Rather miraculous, Bergman Island is not intimidated by pretentious navel gazing. It is a film about filmmaking (or a writing about writing) that humbly stacks its metatextual layers and speaks more to the ineffective whims and fancies of creation than to any distant, quantifiable brilliance that needs to be explained to the masses. It is a generous film in that way, which invites the audience to the warming campfire at Hansen-Løve, without dragging us through a burning crucible of unimpeded passion.
Hansen-Løve attracts suitable natural, nuanced performances from his actors. Krieps, who last saw freaking on a beach that makes you old, turns away from his mouse character Phantom wire at a small angle. Like Phantom wireAlma, Chris can give some inspiration to his more intense partner. But Chris has his own fascinations and ambitions, his own determination and self-doubt to take care of. It is a pleasure to see Krieps observe things, follow her around this island when she and Hansen-Løve think about things, absorb and work through. Wasikowska meanwhile communicates lots of thirty feelings – fatigue, loss, hope, departure – in a whirling scene involving an ABBA song and slipping away a bittersweet dream. There we see glimpses of Hansen-Løves Bye first love, perhaps when Amy heads towards Hansen-Løve’s late middle-aged huff Things to come.

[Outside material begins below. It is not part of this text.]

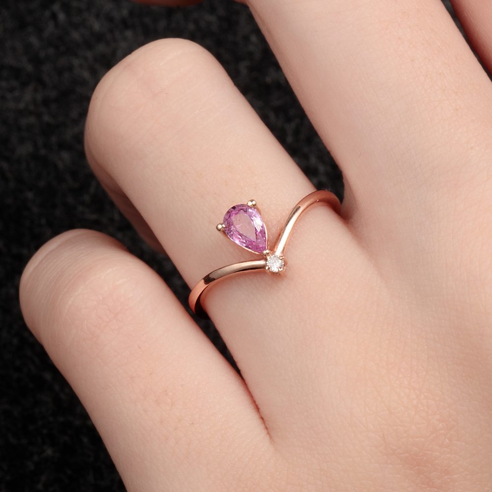 The fabulous combination of a teardrop pink sapphire and a V-shaped delicate setting leaves everyone speechless. Named after a mythological Roman goddess, our “Lucinda” illuminates gentle souls and awakes the girlish side of a lady who owns it. This romantic engagement ring brings us the smell of a fresh pink rose and represents the harmony of pure love. “Lucinda” is a suitable choice for a woman who is able to handle herself in a noble and ethical manner.

It took me a second view to really groove on the lo-fi hike off Bergman Island. The first time I saw the film was in Cannes, where I was perhaps too distracted by my own travel experience — too overwhelmed and melancholy (on the specific mode of travel), too consumed by my own creative worries, to see what Hansen-Løve was shining back on. me. Ironically, it was only when I was home, months later and felt more rooted, that I could really appreciate what the film does with such a calm and graceful purpose. It’s really something to be transported, right? Steered towards a reconsideration of our own context of an aircraft, a boat, a car or all of the above. Or by a notebook, dutifully scribbled in. Or through a film like this, which says, with a watery and empathetic laugh: wherever you go, there you are.